Como se sabe, a Primeira Seção do STJ afetou os Recursos Especiais 1965394, 1965849 e 1979911, de relatoria do Ministro Gurgel Faria, para julgamento sob o rito dos recursos repetitivos, vez que, no âmbito do colendo Tribunal há diversos recursos acerca da validade e eficácia do contrato coletivo de honorários advocatícios firmado por Sindicato, em que se advoga obrigar a todos, independentemente de assentimento pessoal do substituído.

O Tema 1175 do STJ tem como propósito a seguinte definição:

Necessidade, ou não, de apresentação do contrato celebrado com cada um dos filiados para que o sindicato possa reter os honorários contratuais sobre o montante da condenação.
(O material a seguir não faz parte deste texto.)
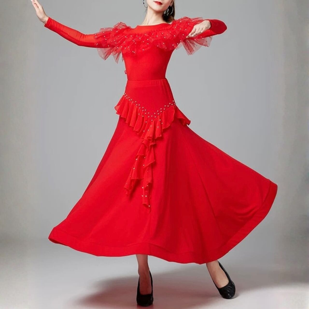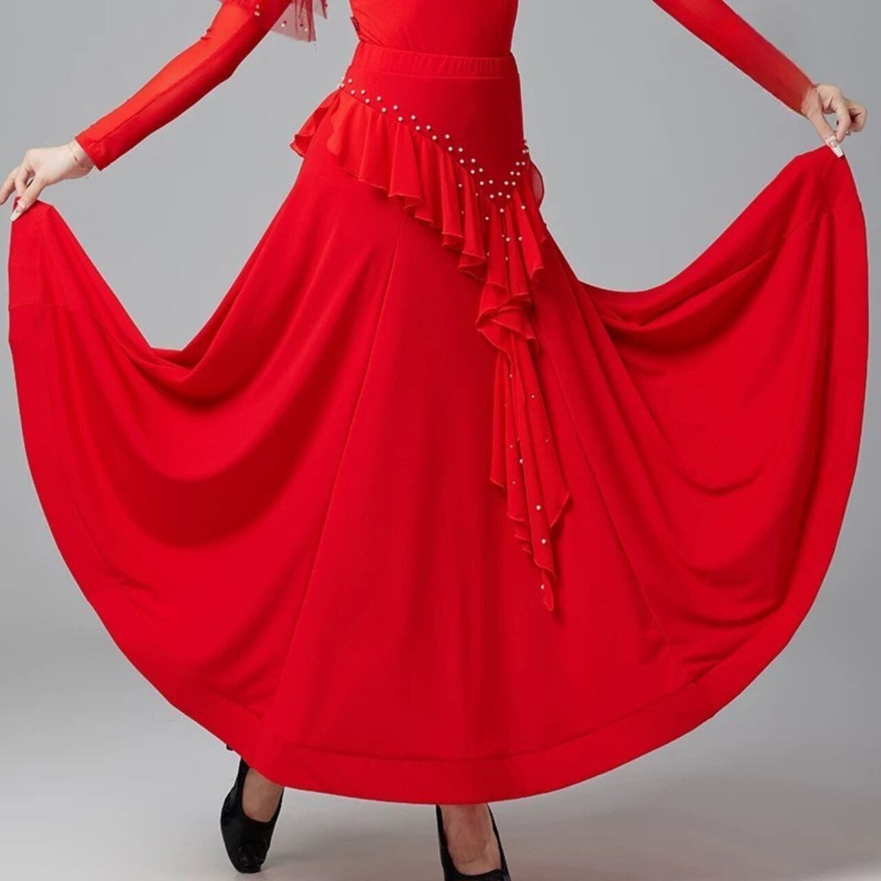 【商品管理番号】 L00119 【商品説明】 なめらかに広がるラインが印象的なロングスカート。フリルとパール調のディテールが動きに合わせて揺れ、縦のラインをきれいに見せます。ステージシーンに取り入れやすく、存在感をプラスする一枚です。 RED/PURPLE/BLACK 【サイズ】 【M】ウエスト:68-78cm/着丈:88cm 【L】ウエスト:72-82cm/着丈:88cm 【XL】ウエスト:76-86cm/着丈:90cm 【2XL】ウエスト:80-90cm/着丈:90cm ※サイズは測り方により1-3㎝の誤差が生じる場合がございます。 【素材】 95%ポリエステル/5%ポリウレタン ▼ご購入前にこちらを必ずお読みください https://admin.thebase.com/shop_admin/design/themes?r=about
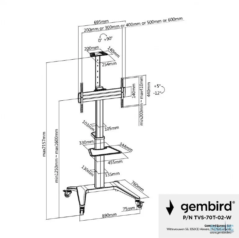 Gembird TVS-70T-02-W Aluminum TV floor stand with caster wheels 37"-70" White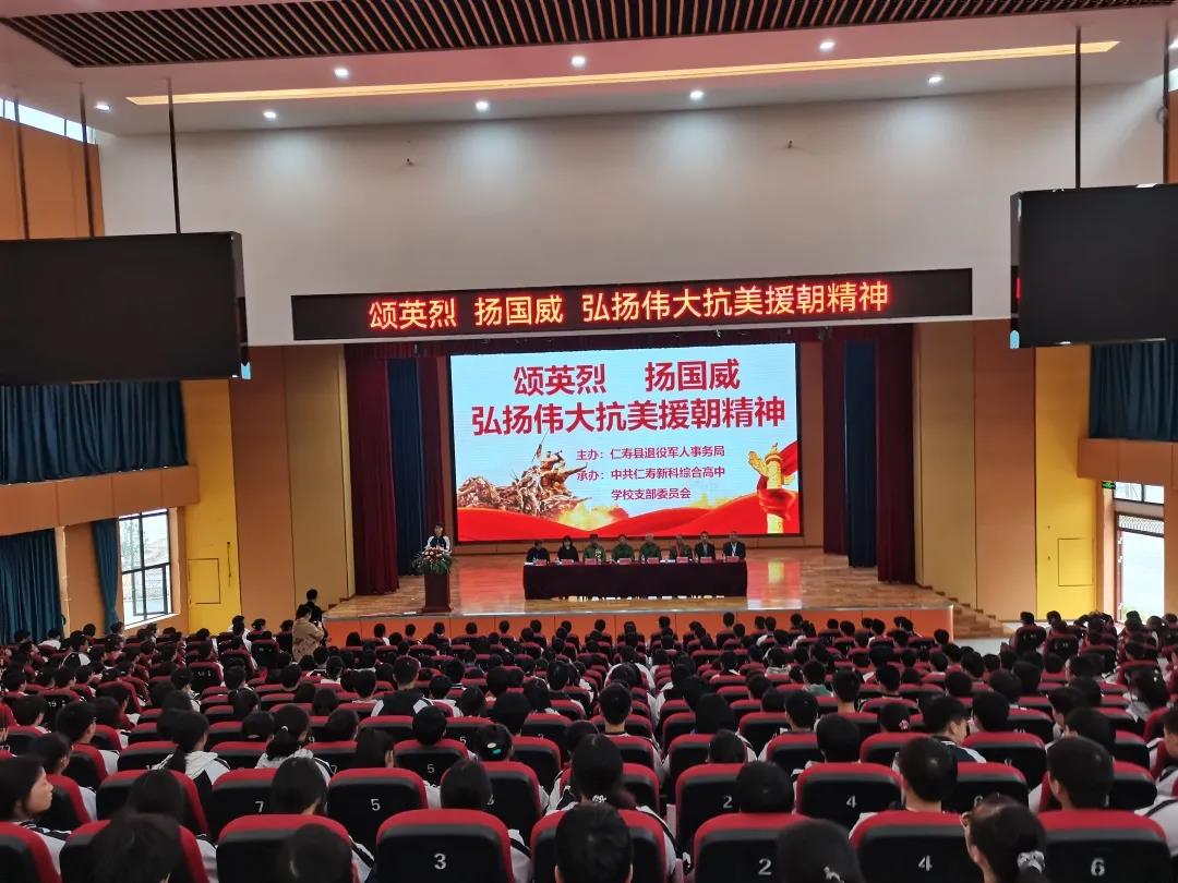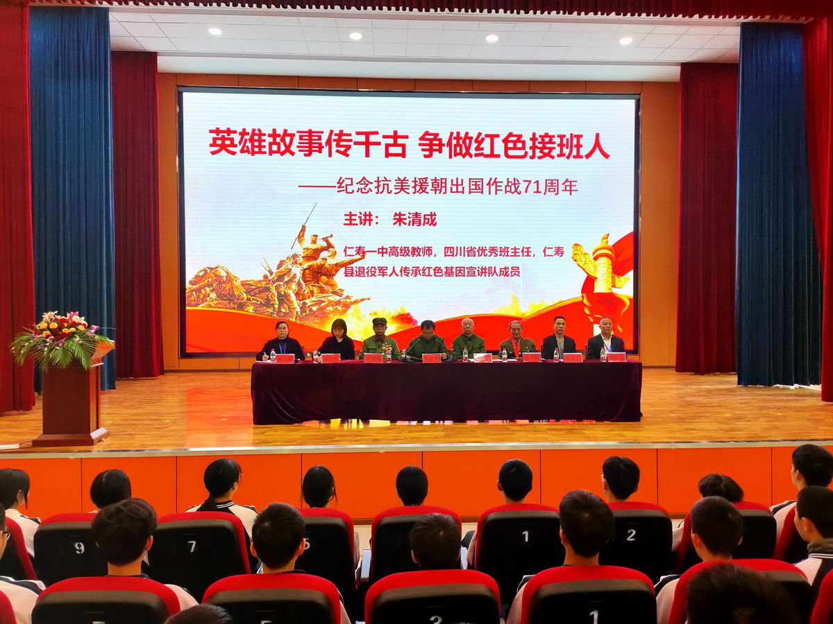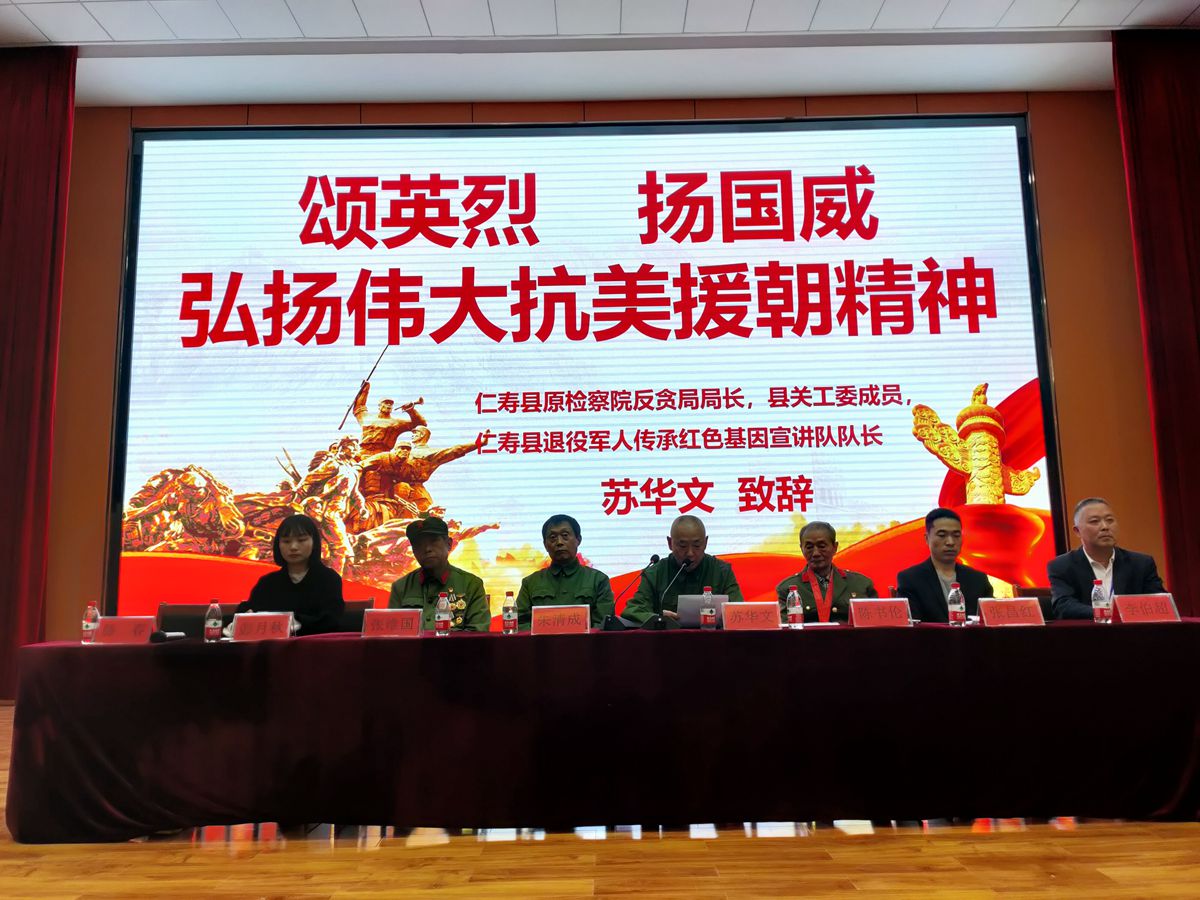 2021年10月23日下午,仁寿县退役军人橄榄绿志愿服务队“颂英烈、扬国威、弘扬伟大抗美援朝精神”宣讲活动在仁寿新科高中学术报告厅举行。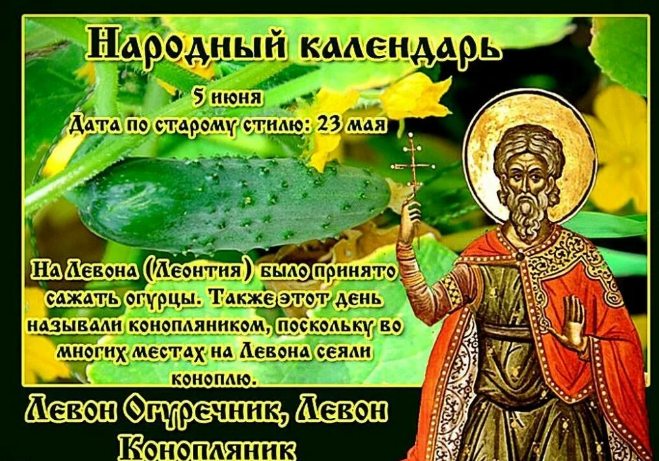 Народный праздник Левон Огуречник (Левон Конопляник) отмечается 5 июня 2023 года (дата по старому стилю – 23 мая). Православная церковь этого числа празднует обретение мощей святителя Леонтия, епископа Ростовского

Examinando-se a pletora de decisões do STJ sobre o assunto, vê-se que a tendência do colendo tribunal seria, indiscutivelmente, a de fixar a tese de que é de se exigir a celebração de contrato com cada um dos beneficiários do título executivo judicial, conforme os seguintes julgados:

(…) a retenção sobre o montante da condenação do que lhe cabe por força de honorários contratuais só é permitida com a apresentação do contrato celebrado com cada um dos filiados nos termos do art. 22, § 4º, da Lei 8.906/1994″ (AgInt no REsp 1.894.684/RS, Rel. Min. Og Fernandes, Segunda Turma, DJe de 24.6.2021). O contrato pactuado exclusivamente entre o Sindicato e o advogado não vincula os filiados substituídos, em face da ausência da relação jurídica contratual entre estes e o advogado. No mesmo sentido: AgInt no REsp 1.967.189/RS, Rel. Min. Gurgel de Faria, Primeira Turma, DJe de 1º.7.2022; REsp 1.892.644/RS, Rel. Min. Assusete Magalhães, Segunda Turma, DJe de 31.8.2021; AgInt no REsp 1.892.645/RS, Rel. Min. Francisco Falcão, Segunda Turma, DJe 14.10.2021; e AREsp 2.078.896/RS, Rel. Min. Mauro Campbell Marques, Segunda Turma, DJe 13.6.2022″ (AgInt no AREsp n. 2053573/PR, rel. Min. Herman Benjamin, Segunda Turma, j. 03.10.2022 – grifou-se), de onde se extrai:

“PROCESSUAL CIVIL E ADMINISTRATIVO. AGRAVO DE INSTRUMENTO. CUMPRIMENTO DE SENTENÇA PROFERIDA EM AÇÃO COLETIVA. HONORÁRIOS ADVOCATÍCIOS. CONTRATO CELEBRADO EXCLUSIVAMENTE PELO SINDICATO. DESTAQUE. IMPOSSIBILIDADE. (…) A leitura do dispositivo legal evidencia a possibilidade de indicação dos beneficiários que, ao optarem por adquirir direitos, assumirão as obrigações do contrato de honorários advocatícios a partir do momento em que originalmente celebrado. De outro lado, o contrato pactuado exclusivamente entre o Sindicato e o advogado não vincula os filiados substituídos, em face da ausência da relação jurídica contratual entre estes e o advogado. Em se tratando de sindicato representante de determinada categoria profissional, ainda que se reconheça a ampla legitimação extraordinária para defesa de direitos e interesses individuais e/ou coletivos dos integrantes da categoria que representa, inclusive para liquidação e execução de créditos, nos termos do art. 8º da Constituição da República, a retenção sobre o montante da condenação do que lhe cabe por força de honorários contratuais só é permitida quando tal ente juntar aos autos, antes da expedição da requisição, o contrato respectivo, que deve ter sido celebrado com cada um dos filiados, ou, ainda, a autorização destes para que haja tal retenção. (…) (AgInt no AREsp n. 2053573/PR, rel. Min. Herman Benjamin, Segunda Turma, j. 03.10.2022).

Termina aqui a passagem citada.